Longson's style is relaxed and poetic, with just the right amount of personal information within his carefully argued search to understand why "bad stuff happens". I particularly liked his work on science, building on some of the work of John Polkinghorne, and linking the Big Bang and evolution into a section on "the way the world is".

The book is utterly honest, and his section on the things we say to people when they have had their world rocked by tragedy is essential reading for any who try to care for those who are suffering. "It could have been worse" and "God was with her" don't help, because of the deep pain that this kind of statement can cause. Everyone who has suffered and has had this kind of trite nonsense told them will identify with the author's hurt - and then with his exploration of why humans deliver this kind of glibness, seemingly unaware of the grief caused.

With a mixture of science, theology, and philosophy, Longson pulls off an astonishing, deep, and coherent argument - by far the best and most life-affirming book that I have ever read about the problem of pain. It has a profound conclusion that is deeply satisfying.

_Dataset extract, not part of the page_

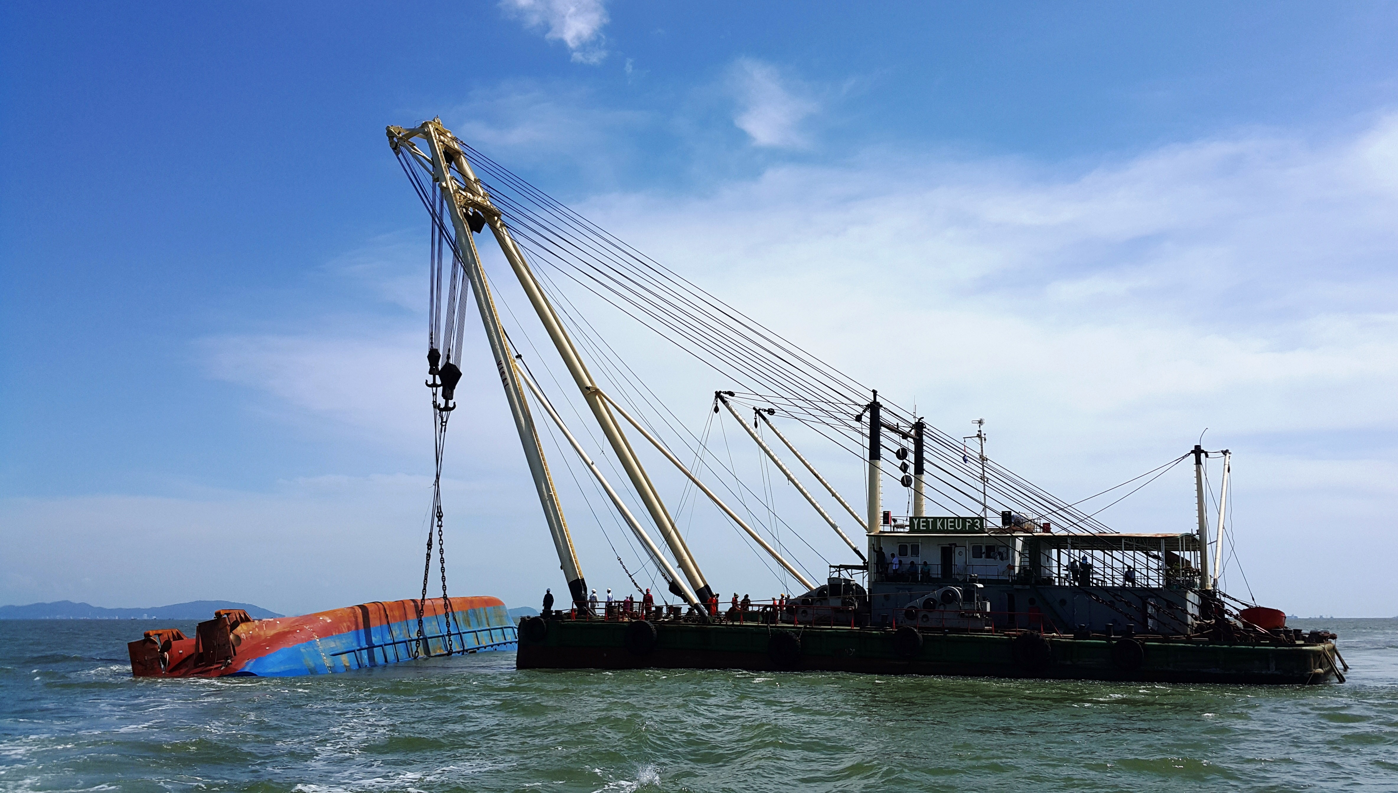 | Tàu cần cầu Yết Kiêu nâng tàu Hoàng Phúc 18. Ảnh: T.N. |

The Procters' book Encountering Depression is divided into 20 shortish chapters, each one answering one of the questions that Christians frequently ask when their lives are devastated by depression. For example, "Does my depression stem from my lack of faith?" and "Why do I keep thinking of ending it all? It scares me."

My first impression of the book was that it looked daunting. The publishers have chosen small, feint print, and, with the authors' long paragraphs, the book wasn't at all inviting - and, I thought, unsuitable for depressed people. But, once I started reading, I saw that my first impression was quite wrong.

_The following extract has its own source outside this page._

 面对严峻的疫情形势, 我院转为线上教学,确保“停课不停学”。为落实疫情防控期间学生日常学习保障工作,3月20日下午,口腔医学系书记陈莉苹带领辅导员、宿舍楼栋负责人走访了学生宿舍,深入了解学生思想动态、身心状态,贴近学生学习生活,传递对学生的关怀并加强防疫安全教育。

The text has a light touch, with sensible and creative advice from the authors. Andrew is a priest and a counsellor, and Elizabeth is an experienced psychiatrist. They use a huge number of quotes to pull together a very useful resource for Christians suffering depression, and those who care for them.

Each chapter has four short sections, "for information", "for inspiration" (often stories from their wide experiences of working with depressed people), "for meditation" (making the book just for Christians: I can't imagine my depressed agnostic friends coping with these), and "for perspiration". The last was always my favourite bit of each chapter: some excellent ideas for a huge range of things to do to chase off the dreaded depression.

As with most books on depression, it would not suit someone deeply depressed, but it is a really valuable resource book. It can be read in any order, making it a dip-into book. It is such a shame that the publishers did not see the need for larger, bolder print to make it seem less overwhelming.

Ann Farmer's book The Five Wounds is a meditation on the five wounds Jesus suffered when he was crucified. This is written for a Catholic readership, and could be especially helpful for disabled people or those with terminal illness. It covers issues such as the betrayal and humiliation that some disabled people feel, and there is a discussion against abortion and assisted suicide. The text moves quickly in and out of a range of different issues, images, and quotes, making it quite hard to follow in places - but that is sometimes the style of meditations. The tone feels a bit "headmistressish", and, with the prayer section at the end in the language of "thee" and "thy", it has an old-fashioned feel.

Sue Atkinson is the author of several books, including Breaking the Chains of Abuse (Lion, 2006).